Mechanisms of Select Antibody-Antigen Assays | ||
---|---|---|
Type of Assay | Mechanism | Example |
Agglutination | Direct: Antibody is used to clump bacterial cells or other large structures | Serotyping bacteria |
Indirect: Latex beads are coupled with antigen or antibody to look for antibody or antigen, respectively, in patient serum | Confirming the presence of rheumatoid factor (IgM-binding Ig) in patient serum | |
Hemagglutination | Direct: Some bacteria and viruses cross-link red blood cells and clump them together | Diagnosing influenza, mumps, and measles |
Direct Coombs’ test (DAT): Detects nonagglutinating antibodies or complement proteins on red blood cells in vivo | Checking for maternal antibodies binding to neonatal red blood cells | |
Indirect Coombs’ test (IAT): Screens an individual for antibodies against red blood cell antigens (other than the A and B antigens) that are unbound in a patient’s serum in vitro | Performing pretransfusion blood testing | |
Viral hemagglutination inhibition: Uses antibodies from a patient to inhibit viral agglutination | Diagnosing various viral diseases by the presence of patient antibodies against the virus | |
Blood typing and cross-matching: Detects ABO, Rh, and minor antigens in the blood | Matches donor blood to recipient immune requirements |
In the major cross-match, we mix ________ with the donor red blood cells and look for agglutination.
patient serum
Coombs’ reagent is an antiserum with antibodies that bind to human ________.

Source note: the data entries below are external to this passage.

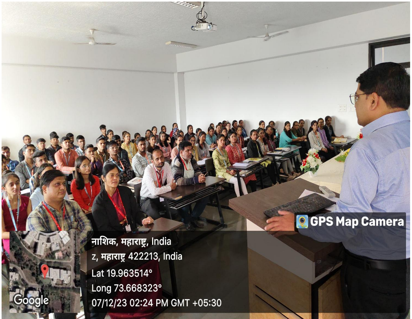
Interactive session on “Career planning action plan”
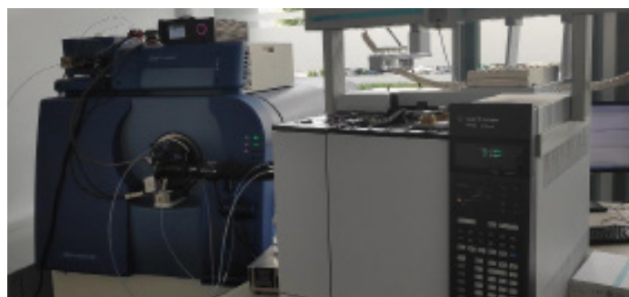
Figure 1 - SICRIT® cold-plasma ion source features soft ionization GC-HRMS coupling (SCIEX TripleTOF 5600)
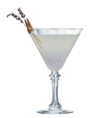
WEST LOOP Martini 27 cl - 9½ oz Ø M = 113 mm H = 168 mm W = 230 g Q4027 2 x 6 pack
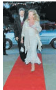
“HERE SHE COMES”
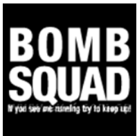
Bomb Squad [01]
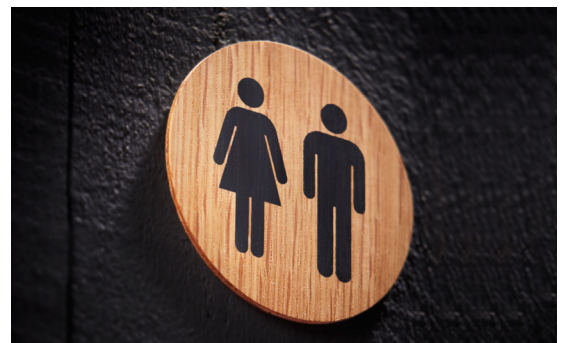
H08835 unisex self adhesive signage
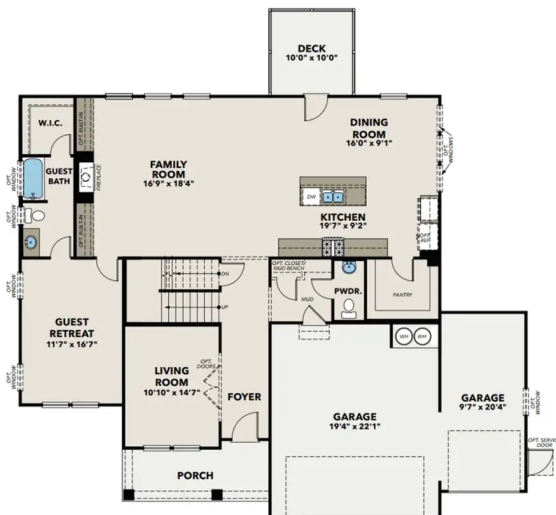
LASSITER HAMPTON FIRST FLOOR
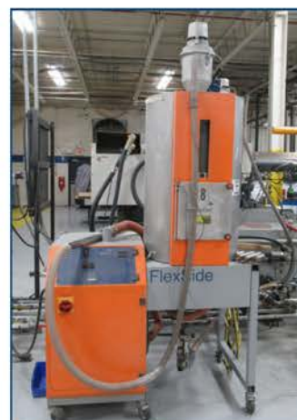
(2) Motan Material Dryers: 50 CFM and 80 CFM
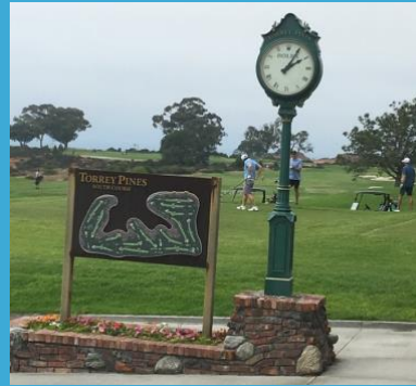
Golf Course Information
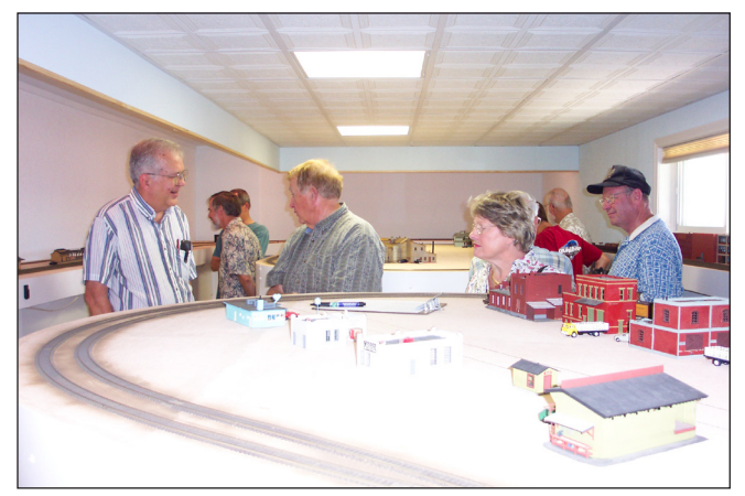
Styron - 2003

pm. Directions for all the tours will be sent to you by postcard the week of the tour. If you don't get a postcard call me at (760) 436-6139 and I will get

immunoglobulins/antibodies and/or complement
Explain why the titer of a direct hemagglutination assay is the highest dilution that still causes hemagglutination, whereas in the viral hemagglutination inhibition assay, the titer is the highest dilution at which hemagglutination is not observed.
Why would a doctor order a direct Coombs’ test when a baby is born with jaundice?